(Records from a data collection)
******************************

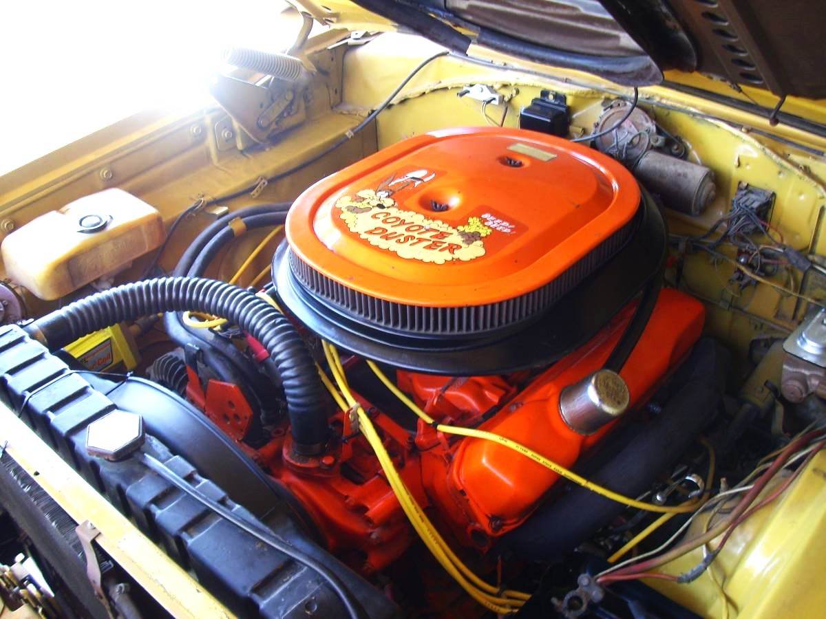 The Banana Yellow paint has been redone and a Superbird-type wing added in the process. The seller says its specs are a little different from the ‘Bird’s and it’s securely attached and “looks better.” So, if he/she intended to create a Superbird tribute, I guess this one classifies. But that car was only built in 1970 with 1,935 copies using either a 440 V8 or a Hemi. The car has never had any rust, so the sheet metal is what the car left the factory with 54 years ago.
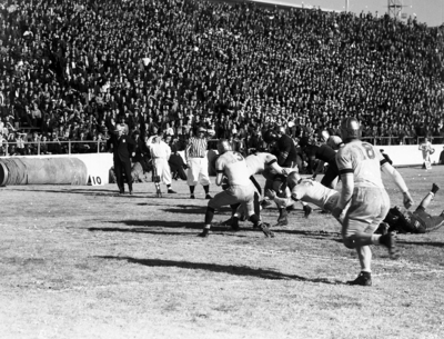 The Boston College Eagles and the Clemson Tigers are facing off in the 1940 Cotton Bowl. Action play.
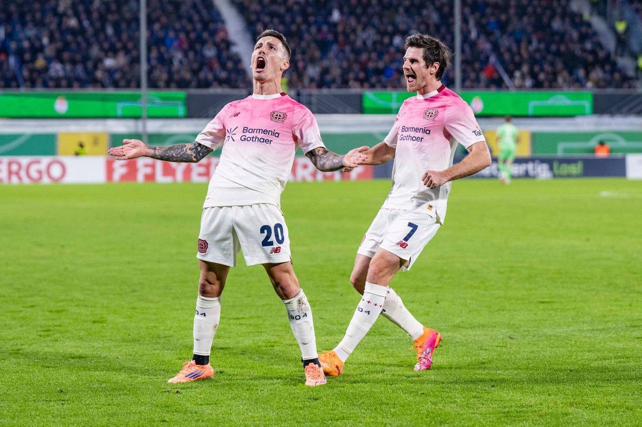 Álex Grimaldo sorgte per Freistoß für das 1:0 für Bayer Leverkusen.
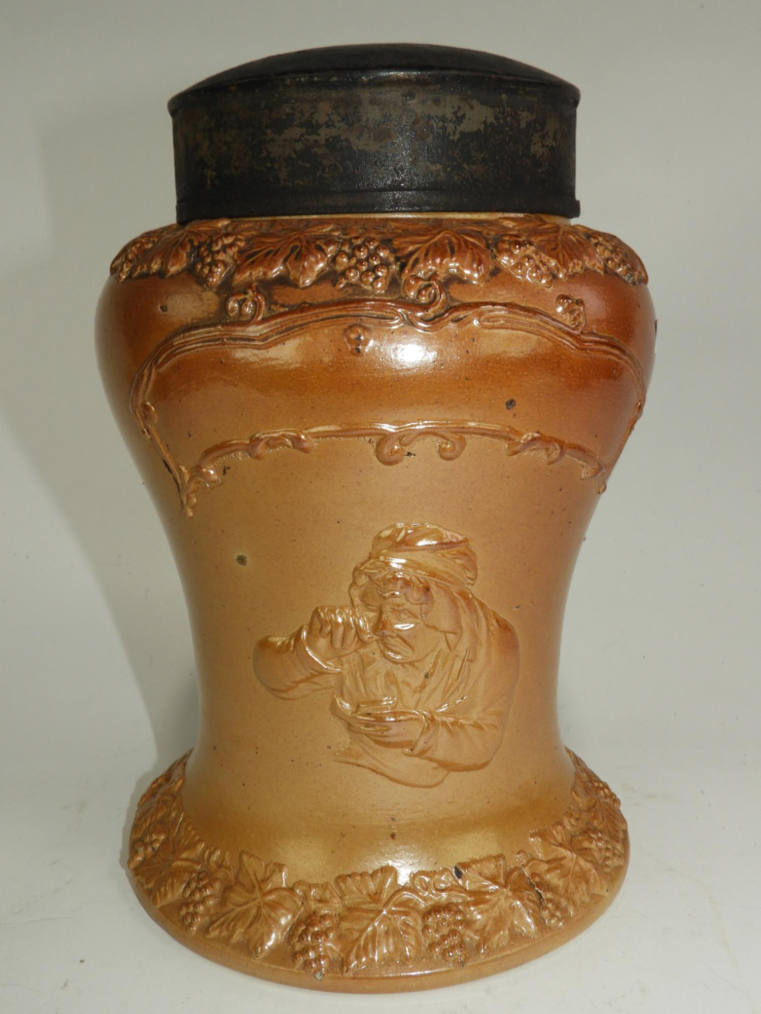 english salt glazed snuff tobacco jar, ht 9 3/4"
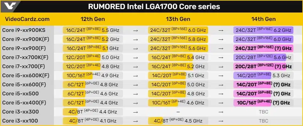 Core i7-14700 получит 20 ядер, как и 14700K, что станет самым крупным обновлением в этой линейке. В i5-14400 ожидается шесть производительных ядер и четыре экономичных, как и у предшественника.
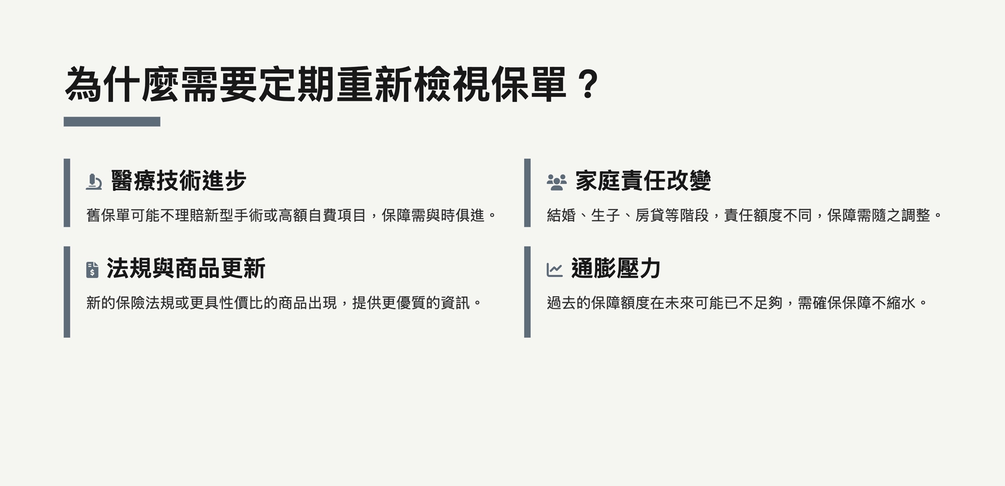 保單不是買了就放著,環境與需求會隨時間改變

******************************

• Problem requirements
Nothing but the lines from the line holding "Álex Grimaldo sorgte" through the last line of the entries above is to be reproduced, exactly and without pictures.

• Exercise solution
 Álex Grimaldo sorgte per Freistoß für das 1:0 für Bayer Leverkusen.
 english salt glazed snuff tobacco jar, ht 9 3/4"
 Core i7-14700 получит 20 ядер, как и 14700K, что станет самым крупным обновлением в этой линейке. В i5-14400 ожидается шесть производительных ядер и четыре экономичных, как и у предшественника.
 保單不是買了就放著,環境與需求會隨時間改變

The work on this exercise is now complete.